LUCENE-5897, LUCENE-5400: JFlex-based tokenizers StandardTokenizer and UAX29URLEmailTokenizer tokenize extremely slowly over long sequences of text partially matching certain grammar rules.  The scanner default buffer size was reduced, and scanner buffer growth was disabled, resulting in much, much faster tokenization for these text sequences.

> Long text matching email local-part rule in UAX29URLEmailTokenizer causes extremely slow tokenization
> -----------------------------------------------------------------------------------------------------
>
>                 Key: LUCENE-5400
>                 URL: https://issues.apache.org/jira/browse/LUCENE-5400
>             Project: Lucene - Core
>          Issue Type: Bug
>    Affects Versions: 4.5
>            Reporter: Chris Geeringh
>            Assignee: Steve Rowe
>
> This is a pretty nasty bug, and causes the cluster to stop accepting updates. I'm not sure how to consistently reproduce it but I have done so numerous times. Switching to a whitespace tokenizer improved indexing speed, and I never got the issue again.
> I'm running a 4.6 Snapshot - I had issues with deadlocks with numerous versions of Solr, and have finally narrowed down the problem to this code, which affects many/all(?) versions of Solr.
> When the thread hits this issue it uses 100% CPU, restarting the node which has the error allows indexing to continue until hit again. Here is thread dump:
> http-bio-8080-exec-45 (201)
>     org.apache.lucene.analysis.standard.UAX29URLEmailTokenizerImpl.getNextToken​(UAX29URLEmailTokenizerImpl.java:4343)
>     org.apache.lucene.analysis.standard.UAX29URLEmailTokenizer.incrementToken​(UAX29URLEmailTokenizer.java:147)
>     org.apache.lucene.analysis.util.FilteringTokenFilter.incrementToken​(FilteringTokenFilter.java:82)

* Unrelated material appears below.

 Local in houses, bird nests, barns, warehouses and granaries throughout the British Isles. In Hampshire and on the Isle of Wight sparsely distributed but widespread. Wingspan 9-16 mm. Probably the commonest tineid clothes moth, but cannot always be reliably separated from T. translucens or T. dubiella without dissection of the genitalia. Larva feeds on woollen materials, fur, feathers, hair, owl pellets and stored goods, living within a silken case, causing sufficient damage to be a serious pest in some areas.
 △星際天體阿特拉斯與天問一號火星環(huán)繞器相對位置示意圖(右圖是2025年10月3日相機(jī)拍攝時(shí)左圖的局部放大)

>     org.apache.lucene.analysis.core.LowerCaseFilter.incrementToken​(LowerCaseFilter.java:54)
>     org.apache.lucene.index.DocInverterPerField.processFields​(DocInverterPerField.java:174)
>     org.apache.lucene.index.DocFieldProcessor.processDocument​(DocFieldProcessor.java:248)

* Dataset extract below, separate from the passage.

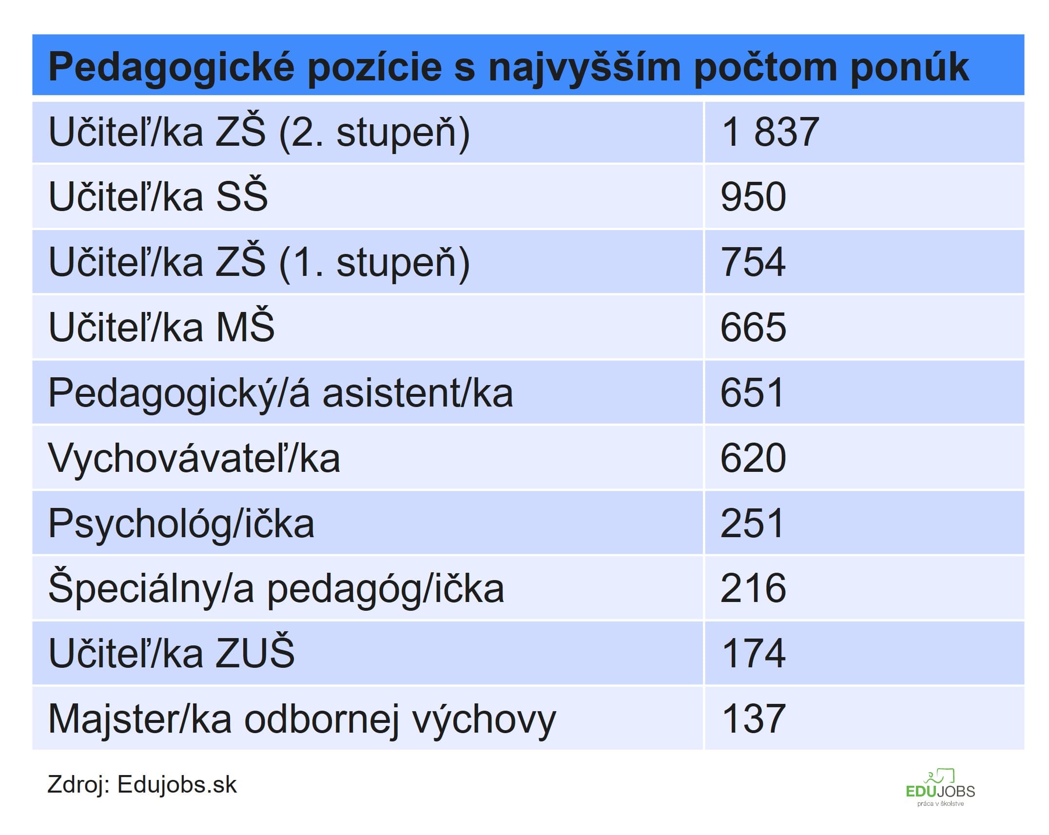 Spomedzi spomínaných viac ako 8700 ponúk bolo až 6638 na pedagogické pozície, a aj to je najvyšší počet v histórii portálu, o takmer 400 viac ako rok predtým. Školy najčastejšie hľadali učiteľov a učiteľky na 2. stupeň základných škôl (1837 inzerátov), na stredné školy (950 inzerátov) a na 1. stupeň základných škôl (754 inzerátov).

>     org.apache.lucene.index.DocumentsWriterPerThread.updateDocument​(DocumentsWriterPerThread.java:253)
>     org.apache.lucene.index.DocumentsWriter.updateDocument​(DocumentsWriter.java:453)
>     org.apache.lucene.index.IndexWriter.updateDocument​(IndexWriter.java:1517)
>     org.apache.solr.update.DirectUpdateHandler2.addDoc​(DirectUpdateHandler2.java:217)
>     org.apache.solr.update.processor.RunUpdateProcessor.processAdd​(RunUpdateProcessorFactory.java:69)
>     org.apache.solr.update.processor.UpdateRequestProcessor.processAdd​(UpdateRequestProcessor.java:51)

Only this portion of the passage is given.